I think the generalizations about men were incredibly unfair, totally agree with you there Evan. Feminism is supposed to empower women, not demoralize men.
Evan: “I have to say, your generalizations about men are pretty offensive. We just pretend to like someone so that we can get them into bed, trading feigned affection for unenthusiastic sex? Any apparent understanding of gender dynamics and sociology is just facade put up to get someone into bed? The existence of a woman immediately willing to have sex will preclude the pursuit of one who is not?”
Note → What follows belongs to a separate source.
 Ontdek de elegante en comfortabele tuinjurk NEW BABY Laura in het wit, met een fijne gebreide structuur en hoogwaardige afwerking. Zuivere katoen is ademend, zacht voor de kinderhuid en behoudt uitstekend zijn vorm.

Athlone McGinnis: I find this line of argument common among the sex-positive opposition here, and I think it is inherently flawed. It seems to be based on a purely emotional repulsion to the claims made, rather than anything substantive.
At the end of the day, it doesn’t really matter that you find this behavior “offensive” or not. Making that claim does absolutely nothing to undermine the validity of the argument.
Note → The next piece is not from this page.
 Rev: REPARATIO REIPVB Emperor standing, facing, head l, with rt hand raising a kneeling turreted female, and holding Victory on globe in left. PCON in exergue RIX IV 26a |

The FACT is that in the majority of environments frequented by 18-28 year old young people, those “offensive” trends are real. Men feign affection to get laid all the time. This is the NORM. Maybe you find this offensive, but it is what MOST young men do. They’ll pretend to care about things they don’t care about, pretend to share the same interests, pretend to actually be in love with the girl want a commitment (or just be intentionally vague about it) all in order to get a girl to bed.
The amount of effort most young men put in to get a girl depends purely on availability of easy sex. College is a great example of this. I go to a small ivy where there are more men than women and the number of “Girls Gone Wild” type personalities is extremely small as compared to the average college campus. Guys here put a lot of effort in to get girls because they know that their chances of getting one night stands and quick easy sex are very low. Girls here don’t go for that, so they adjust their game accordingly. Guys here will wait weeks just to get to 3rd base with one girl because they don’t have a choice.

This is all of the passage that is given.